A titre individuel, il présente aussi certains avantages. Du côté du superficiant (propriétaire du terrain), le DDP lui permet de conserver la maîtrise foncière et de préserver son patrimoine sur le très long terme tout en lui assurant une rentabilité du fait de la perception de la rente convenue.
Du côté du superficiaire, il agit comme un facilitateur d’accession à la propriété par le biais :
- D’un prix d’achat (très) attractif puisque le terrain n’est pas intégré à la transaction à contrario d’une transaction en pleine propriété qui chiffre généralement la part terrain entre 20 à 50% du prix total, dépendamment de sa localisation.
- D’une structure de financement à priori plus accessible puisque le prix d’achat inférieur revient à injecter un montant de fonds propres moindres et à solliciter un montant de prêt immobilier plus faible.
Toutefois, bien que le montant d’investissement initial se limite au coût de construction des immeubles, il est important de préciser que cette solution n’équivaut pas toujours à une bonne affaire. En effet, ce mécanisme, intégrant le versement d’une rente qui peut être plus ou moins équitable en pratique, peut être assimilé à une location longue durée d’un terrain, augmentant ainsi le montant total des charges mensuelles du superficiaire à prendre en compte. Certes, il injectera moins de fonds propres au départ et il aura une dette hypothécaire moins élevée mais, il paiera un montant régulier, à pertes, puisqu’il ne deviendra jamais propriétaire du terrain. Quant au superficiant, la rente doit suffisamment rentabiliser le patrimoine qu’il immobilise et le risque pris pendant la durée du DDP.

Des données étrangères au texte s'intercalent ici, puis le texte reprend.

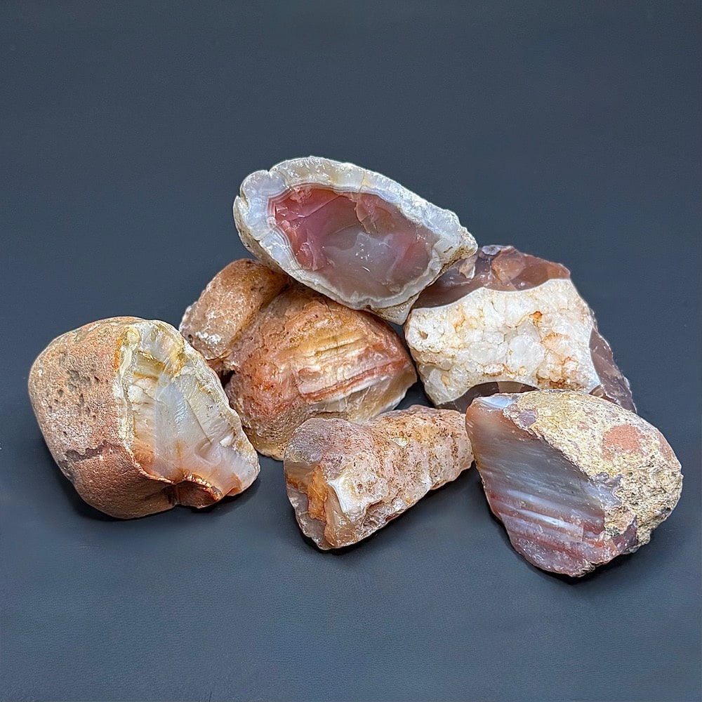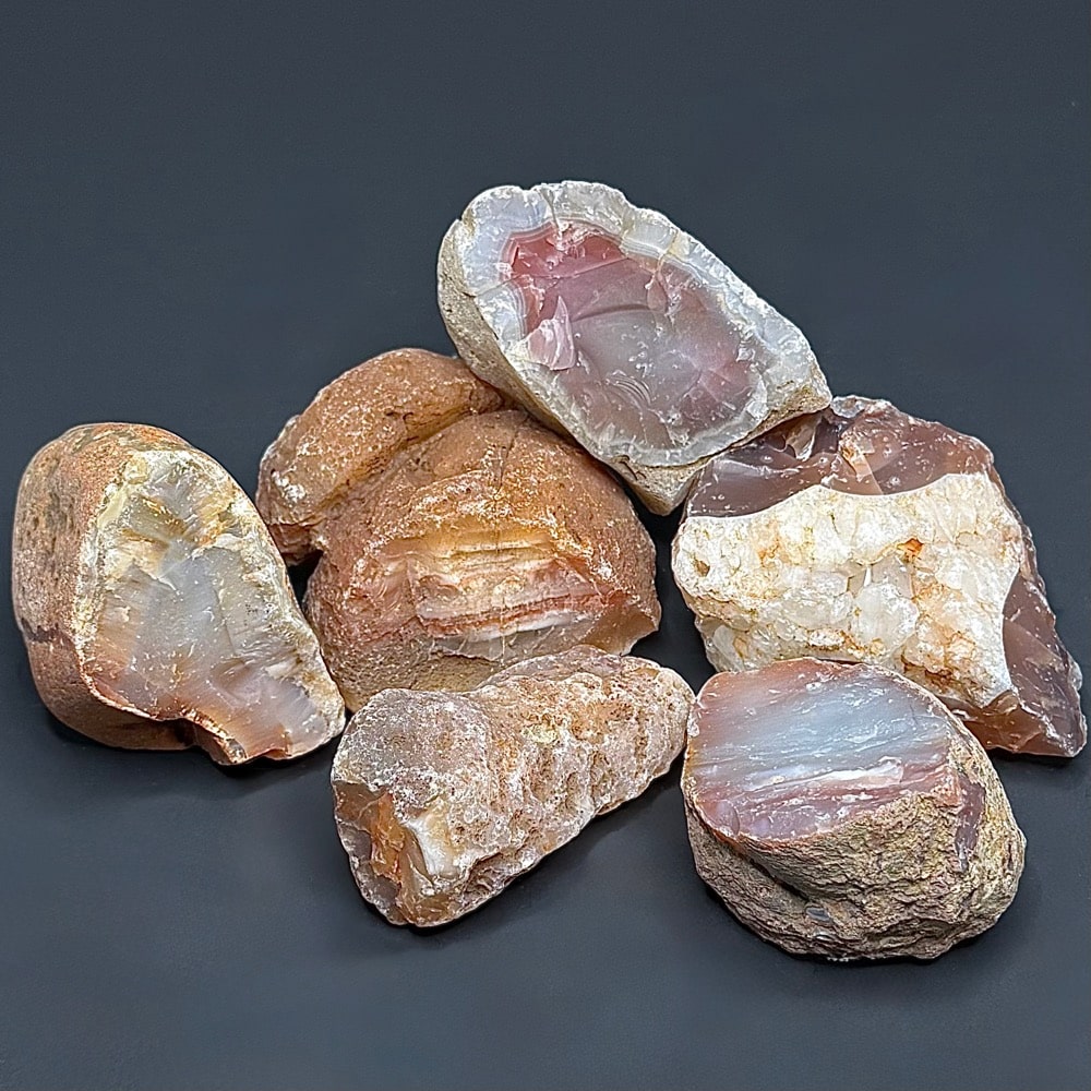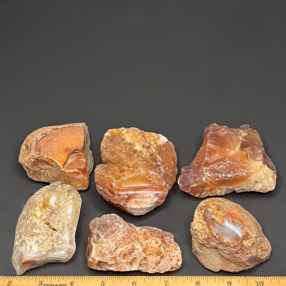 Agates mostly occur as nodules in volcanic rocks or waters containing Silica in solution which is possibly derived from the decomposition of Silicates in the lava. The Siliceous matter is deposited in regular layers resulting in the banded or striped formation. It is very unlikely that you would ever find an exact duplicate of any type of Agate, Fairburn or other.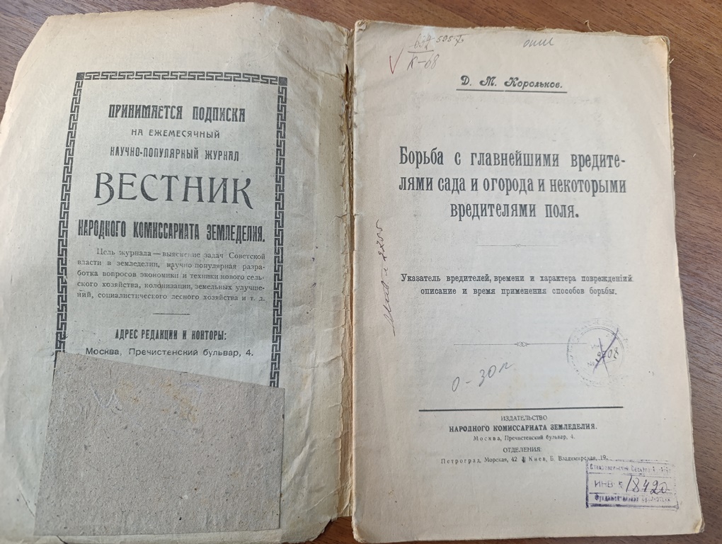 Борьба с главнейшими вредителями сада и огорода и некоторыми вредителями поля : указатель вредителей, времени и характера повреждений, описание и время применения способов борьбы / Д. М. Корольков. - Москва : [Нар. ком. земледелия], 1919. - 32 с.; 24 см. - (Библиотека сельского хозяйства Советской России).

N'oublions pas de citer que le superficiaire et le superficiant restent de facto liés pendant la durée de vie du DDP et que dans les perspectives lointaines de l’échéance convenue, il est parfois (souvent) difficile de prédire quelle sera l’évolution de la situation économique, du marché immobilier et personnelles des parties prenantes.
Toutes ces particularités et ces incertitudes sont donc à prendre en compte au moment de la création d’un DDP et-ou de son achat.
De par les mécanismes financiers et mathématiques qui régissent l’estimation immobilière d’un DDP, il est également important de garder en mémoire que, plus son échéance est proche, plus les conditions convenues auront un impact fort sur la valeur vénale déterminée.
Dans ce contexte particulier, l’expertise immobilière représente donc d’une part, un outil permettant d’examiner la pertinence et le coût réels des éléments constitutifs du DDP et d’autre part, un outil d’évaluation immobilière servant d’appui dans le contexte d’une transaction.